NPC set to step in if Uber hack compromised PH users
If the stolen online information from Uber compromised users in the Philippines, the National Privacy Commission (NPC) would have to work with foreign counterparts in holding the ride-hailing service firm accountable for hiding the hack that affected users across the globe.
However, how this would pan out is yet to be seen given that the cross-border implementation of NPC’s enabling law has yet to be tested, according to Privacy Commissioner Raymund Liboro in a recent interview with the Inquirer.
This develops after the newly appointed chief executive officer of Uber Technologies Inc. revealed the company had been hacked in October last year, with “some personal information of 57 million Uber users” compromised.
In a recent company blog post, Uber CEO Dara Khosrowshahi said forensic exports did not see any indication that trip location location history, credit card numbers, bank account numbers, social security numbers or dates of birth were downloaded.

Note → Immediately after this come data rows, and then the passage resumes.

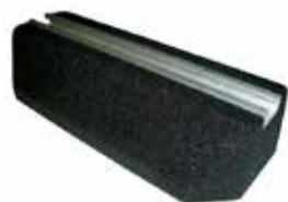
012 139 013 Vaschetta Unità Esterna Pompa Calore 3024383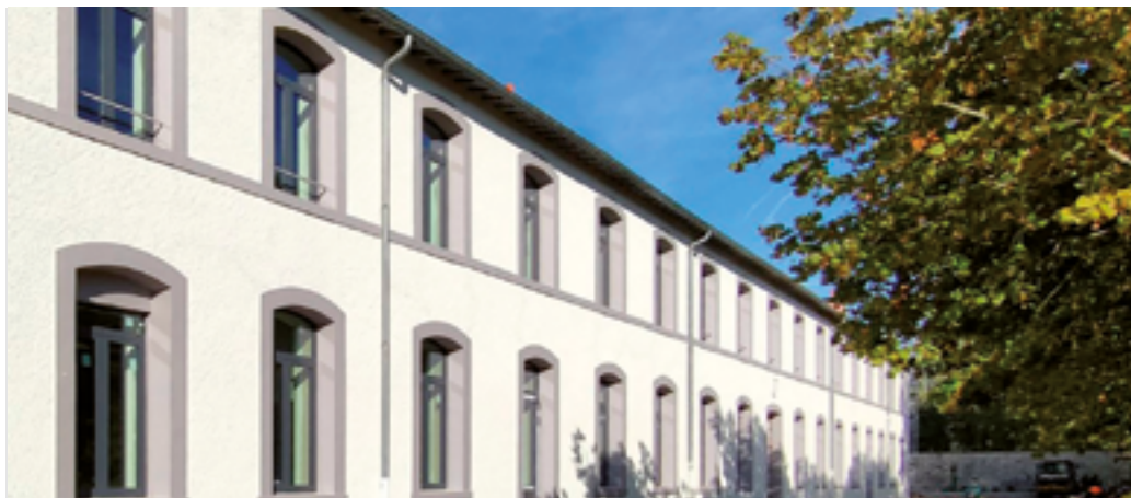
Les bâtiments rénovés du campus Damesme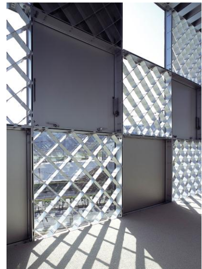
▲アルミ製ラチスパネル

ショーケースでは、厚いラチスパネルを柱のように利用することで、シャンデリアの鑑賞を邪魔することなく、吹き抜けの大空間を実現できました。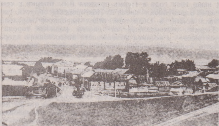
Нижняя часть Осы (ниже затопления)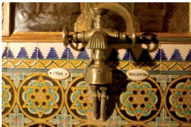
Gran modernitat, disposar d'aigua corrent calenta i freda Gran modernidad, disponer de agua corriente caliente y fría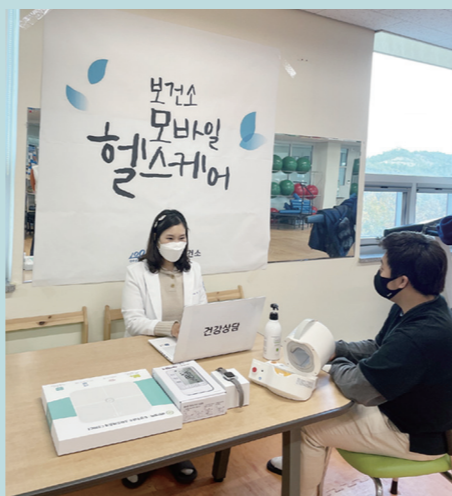
고 밝혔다. 신안=이덕주기자

요인(혈압, 공복혈당, 허리둘레, 중성지방, HDL-콜레스테롤)이 많은 대상자를 우선으로 선정하고, 관련 질환을 진단받거나 약물을 복용하는 사람은 제외된다. 최종 대상자로 선정된 사람은 6개월(24주) 동안 보건소 영역별 전문가(의사, 코디네이터, 간호사, 영양사, 운동전문가)로부터 건강, 영양, 운동 등 맞춤형 건강관리 서비스를 제공받는다. 신안군 관계자는 "ICT를 활용한 비대면 건강증진 서비스 확대로 보건소 방문이 어려운 지역주민의 만성질환 예방과 자가건강 관리 능력 향상을 위하여 최선을 다하겠다"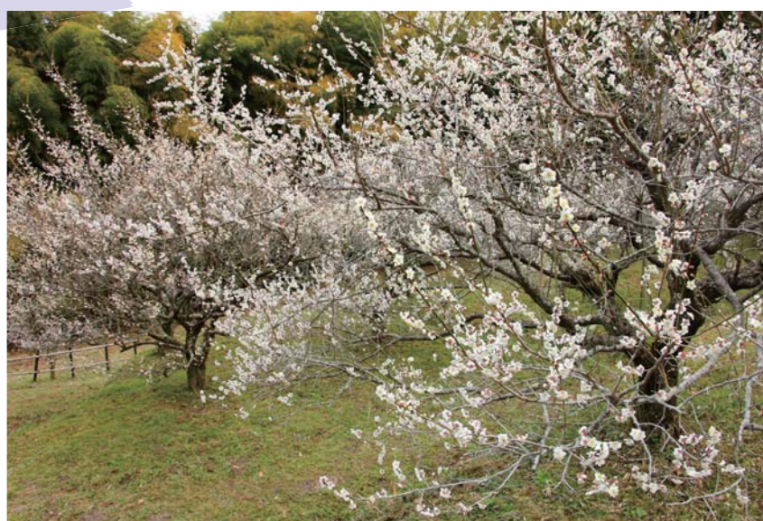
余田臥龍梅(柳井市)

The hackers, however, were able to download names, e-mail addresses and mobile phone numbers of users across the globe and the driver’s license numbers of drivers in the United States. Khosrowshahi said necessary measures had been implemented to mitigate the harm that might have been inflicted by the hacking.
“The law has a long arm statute. Internationally, there had been cross-border incidents that called for cooperation and collaboration among privacy authorities,” Liboro said in a mix of English and Filipino.
“[We] haven’t tested it at this point,” he later added.
When asked who would be held accountable for the deliberate hiding of the hack— whether global firm Uber or its local arm Uber Philippines—he said that they still need to understand Uber’s operations in the country, noting that it was “not yet clear.”
“Right now, we’re really more concerned about mitigating the possible effects on our local users,” he said.
Liboro said NPC was set to meet with US authorities on Dec. 4 to discuss enforcement issues “concerning cross-border data transfers.”
He, however, said the agenda did not include the Uber breach, noting that the meeting was scheduled prior Uber’s statement. He did not say he would bring up the matter during the meeting next month.